Narcissa was a leading New York suffragist and a co-founder of the New York State League of Women Voters. From 1919 to 1923 she chaired the New York State League of Women Voters. She also recruited Eleanor Roosevelt to join the League of Women Voters board of directors, having previously worked with her on wartime relief projects, and they were friends.

In 1929 she became the president of the New York Infirmary for Women and Children, which position she held for thirty-seven years.

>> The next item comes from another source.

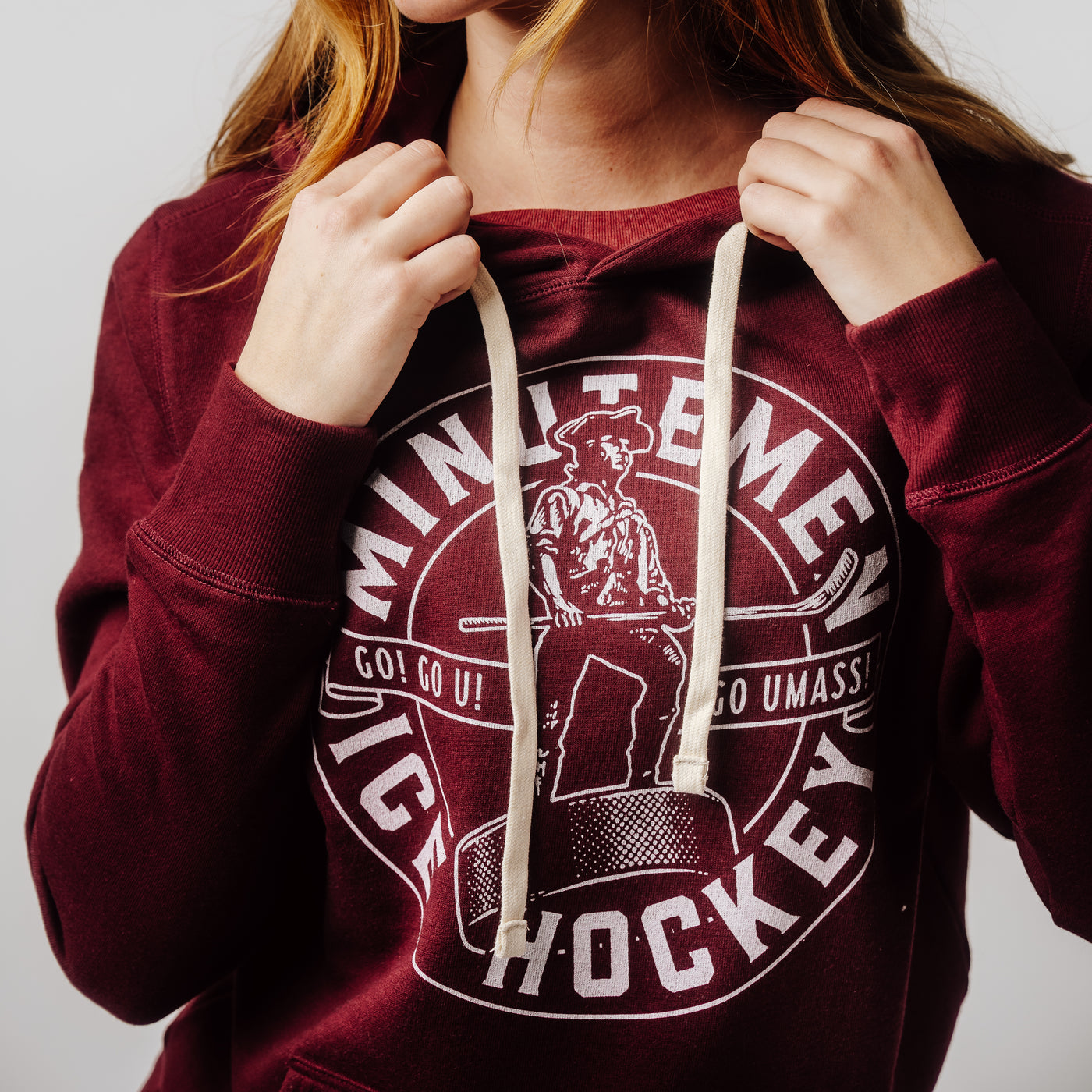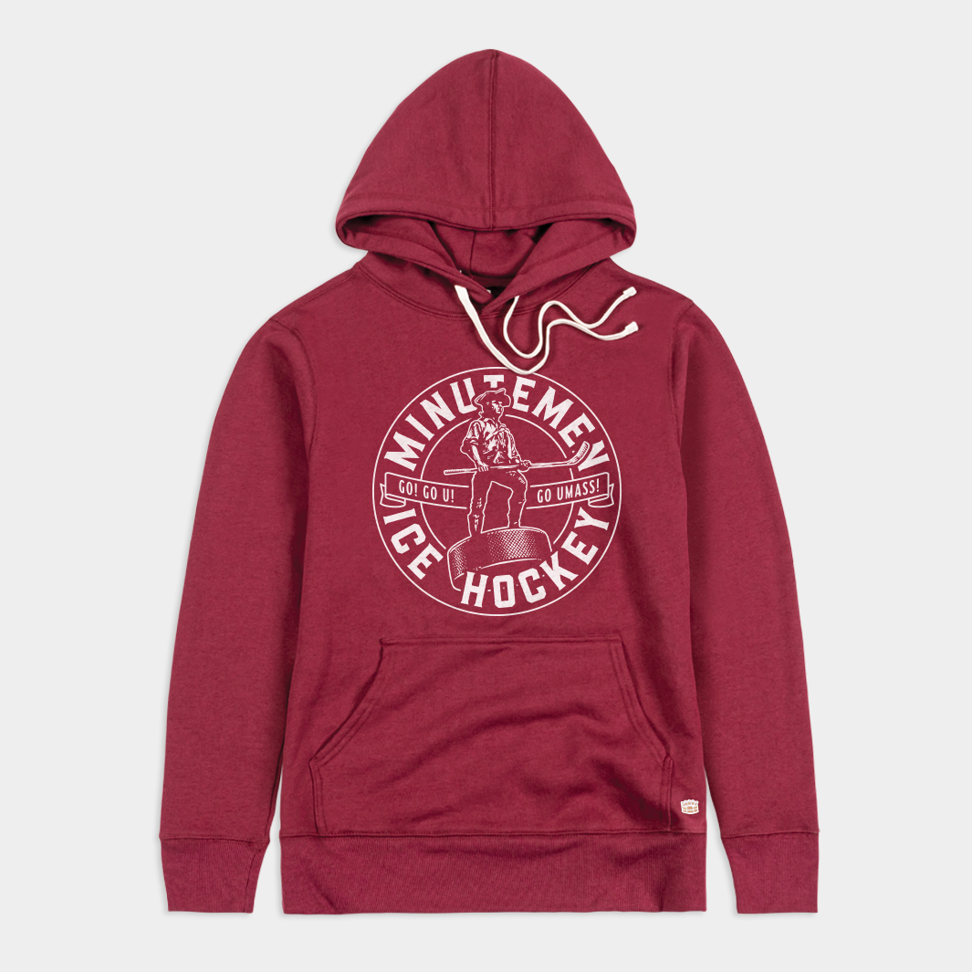 In this retro-inspired design, the iconic UMass Minuteman has traded in his musket for a hockey stick to celebrate UMass hockey. The school first embraced hockey in the 1908-09 season, when they actually played on UMass’ campus pond; without a proper home, the team only played sporadically whenever the pond’s ice was usable. This unsustainable strategy briefly collapsed the Minutemen hockey program until 1993, when the Mullins Center opened. Having proper facilities paid dividends, as UMass attracted future NHLers and made their first NCAA tournament in 2007.

A notable event associated with her concerns how, in 1934, Edward Bernays was asked to deal with women's apparent reluctance to buy Lucky Strikes because their green and red package clashed with standard female fashions. When Bernays suggested changing the package to a neutral color, George Washington Hill, head of the American Tobacco Company, refused, saying that he had already spent millions advertising the package. Bernays then endeavored to make green a fashionable color. The centerpiece of his efforts was the Green Ball, a social event at the Waldorf Astoria, hosted by Narcissa. The pretext for the ball and its unnamed underwriter was that proceeds would go to charity. Famous society women would attend wearing green dresses. Manufacturers and retailers of clothing and accessories were advised of the excitement growing around the color green. Intellectuals were enlisted to give highbrow talks on the theme of green. Before the ball had actually taken place, newspapers and magazines (encouraged in various ways by Bernays's office) had latched on to the idea that green was all the rage.